Virtual agents can take enterprise service management to new levels
When employees need help with technical issues, such as a resolving a problem with a printer or resetting a forgotten password, they will contact their IT support desk—this may be a walk-up help desk, or an online resource that is reached via email or phone call. Or they may embrace a self-service approach to addressing the issue, such as searching through a knowledge base for information that can assist them. The same options are available to employees submitting service requests, such as asking for a new laptop or seeing access to an enterprise resource planning system.
Behind the scenes, the IT support team is probably following a suite of pre-determined policies to ensure that technical issues and service requests are triaged and tracked appropriately, and, when resolved, or fulfilled, closed to everyone’s satisfaction.
This approach to managing service requests and resolving technical issues is a formal one and referred to as IT service management (ITSM). Wikipedia defines ITSM as, “policies, organized and structured in processes and supporting procedures that are performed by an organization to design, plan, deliver, operate and control information technology services offered to customers.”
ITSM has proven to be an efficient and robust approach to managing technical issues and service requests.
Now other departments within an enterprise, such as Facilities, Finance, and HR are exploring how to leverage ITSM approaches themselves. But this is still in its infancy.

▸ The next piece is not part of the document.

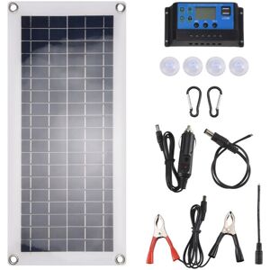 1. Made of high-quality materials, environmentally friendly, and delicate. It has a high conversion rate. 2. Dual-output solar panels with USB interface to meet any of your requirements. 3. Environmental protection and pollution-free, realizing the conversion of solar energy to electric energy 4. It has a wide range of applications and can be used in many places, such as automobiles and small household appliances. 5. A solar panel is a device that directly or indirectly converts solar radiation into electrical energy by absorbing sunlight. Compared with ordinary batteries and rechargeable batteries, solar panels are more energy-efficient and more environmentally friendly. Specification: Name: Flexible Solar Panel Solar panel voltage: DC12-18V Solar panel power: 15W USB output: 5V Number of USB ports: 2 Style:A With 60A controller Colour:black Material:plastic Package Contents: 1 * Solar Panel 1 * Alligator Clip 1 * Car Charger 4 * Accessories 1 * 60A Controller Only the above package

Currently, these organizations may have a hotline or shared email box as a single point of contact for employees needing assistance. It’s very likely, however, that each of these organizations has its own touchpoint, or even set of touchpoints. They don’t present a defined interface to the organization—requests are not logged and tracked—expectations are not set.
When employees need help, they contact an individual; when help is sought on a person-to-person basis, the interface is fragmented, with many points of interaction. With no single point of contact and no system of record, everything happens below the radar and nothing is managed. Demand is invisible, work is never tracked, performance isn’t measured, and requests disappear into a “black hole.” This typically results in employees waste time chasing-up to get what they need in order to get it addressed.
In a fragmented service ecosystem, employees are being under-serviced or over-serviced, with either too many options or none. When they need help, they don’t know where to start, or are swamped by choices and must keep a list of phone numbers, email boxes and portal logins. The service ecosystem is complex and siloed, and this fragmentation causes waste.
This is where enterprise service management (ESM) comes in. ESM is a strategic approach to creating a joined-up corporate service ecosystem for higher quality and efficiency for both organizations and employees. ESM is an attempt to adopt the best practices of ITSM and provide a holistic approach to service management across disparate silos within organizations. The intent is to bring corporate services to a level of cohesiveness where performance can be tracked, measured and improved.
Now, consider the role of chatbots within enterprises and the potential for symbiosis with ESM practices.
Chatbots are being deployed by organizations for a variety of purposes. Some chatbots are relatively simple and limited to answering questions with pre-loaded answers, while others are intelligent and possess the ability to learn. The latter, when purpose-built to provide technical support, are often referred to as intelligent chatbots, or virtual agents.
The first generation of virtual agents were specifically developed according to ITSM processes and procedures and are used almost exclusively by IT organizations. The latest generation of virtual agents are being developed for other disciplines within enterprises, such as Facilities, Finance and HR, with the intention of providing better customer service experiences for employees across departments.
Virtual agents enable conversational approaches to the resolution of issues and fulfillment of service requests. Conversations are the way human communicate and are a more intuitive way of requesting assistance than sending an email or searching a web portal for information. It has been shown, for example, that the presence of a virtual agent between a support desk and employees can increase the adoption of self-service approaches to 50% in one study, up from 15%.
A familiar face
Any virtual agent capable of integrating with the infrastructure used by various different departments streamlines the task of providing a consistent interface to employees across an enterprise, one that has ESM practices at its core. Not only does this make it easier to expand the role of a virtual agent, it almost make it more comfortable for employees to embrace its expanded functionality.
Moreover, as a company expands, as its headcount grows, and as its operations become more complex, the ability of a virtual agent to provide value to the organization increases—a single virtual agent can supply a practically unlimited amount of knowledge and do so for all corporate departments.
Best of all, they become a familiar and friendly “face” to employees.
Always on, always learning
Virtual agents provide more satisfying and productive service experiences for customers in the process.
Best of all, they are always available. They don’t take lunch or need to sleep. And they can be just as helpful and energetic first in the morning as they are last thing in the evening—and in the wee small hours of the night.
The time is right to focus on the role of virtual agents in improving customers’ service experiences. Act now to identify the impact virtual agents will have on your organization and develop a foundation that will enhance business operations and improve the productivity and satisfaction of your customers.